Organizational Pattern: Producers In The Middle
February 26th, 2010
(From Organizational Patterns of Agile Software Development )
In a project, not all roles hear everything. But much of the information communicated has important implications for the product.
Within any software project, there are many activities, roles, and individuals competing for attention. Of course, there are the developers. But project managers have a need to be at the center of everything. They need to have their finger on the pulse of the project; to know everything that is going on. That’s their job. In a similar manner, perhaps to a lesser degree, other roles also need to be involved in the project.

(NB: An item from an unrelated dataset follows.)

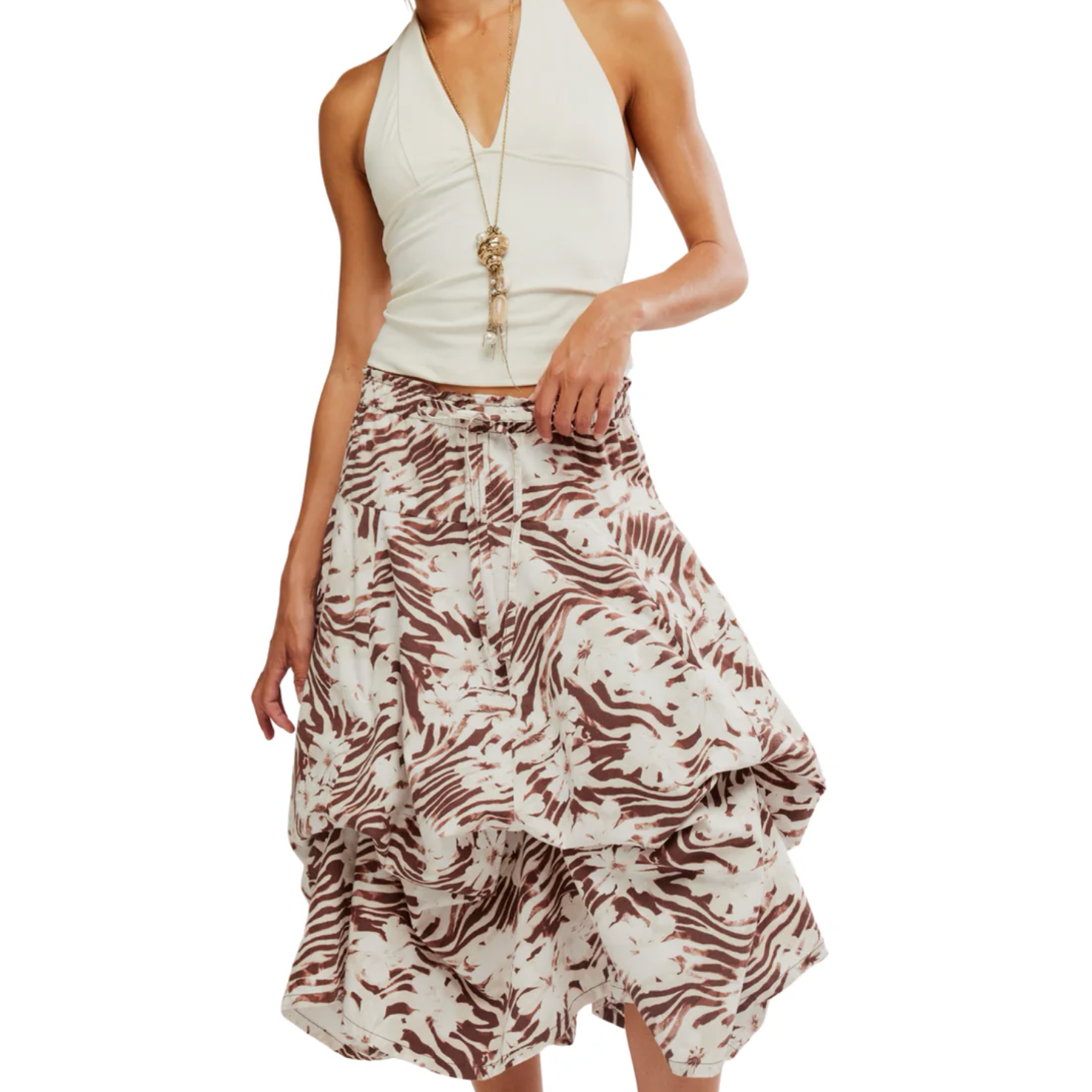 The Zephyr Bustle Convertible Skirt in Chocolate by Free Peopleis a versatile statement piece designed for effortless spring clothing styling. Featuring a flowing silhouette with a unique convertible skirt design, this Free People skirt transitions seamlessly from casual daytime looks to elevated ensembles. Rich in color and movement, it’s the perfect choice for modern, feminine spring style.

But all roles are not equal. Certain roles (developer and a few others) contribute directly to the product; they create it. Most other roles contribute indirectly to the product; they (should) exist only to help the producers do their job. The producer roles need information in order to do their job.
Therefore,
The producer role(s) must be at the center or very near the center of the hive of communication. Make sure the producers are party to all, or nearly all communication about the project.
Organizational Pattern: Don't Interrupt An Interrupt
February 25th, 2010
(From Organizational Patterns of Agile Software Development )
It’s important to balance a desire that SOMEONE ALWAYS MAKES PROGRESS (4.1.20) with the thrashing that can accompany short-term priority calls. One worker will inevitably be blocked on you—you can’t do both things at once. Complete, omniscient foresight and scheduling are unreasonable to expect.
Therefore:
If a developer is already working in “interrupt mode” on a critical issue, don’t put that work aside until it is complete or until that issue itself becomes hopelessly tangled.
Organizational Pattern: Day Care
February 25th, 2010
(From Organizational Patterns of Agile Software Development )
Your experts are spending all their time mentoring novices.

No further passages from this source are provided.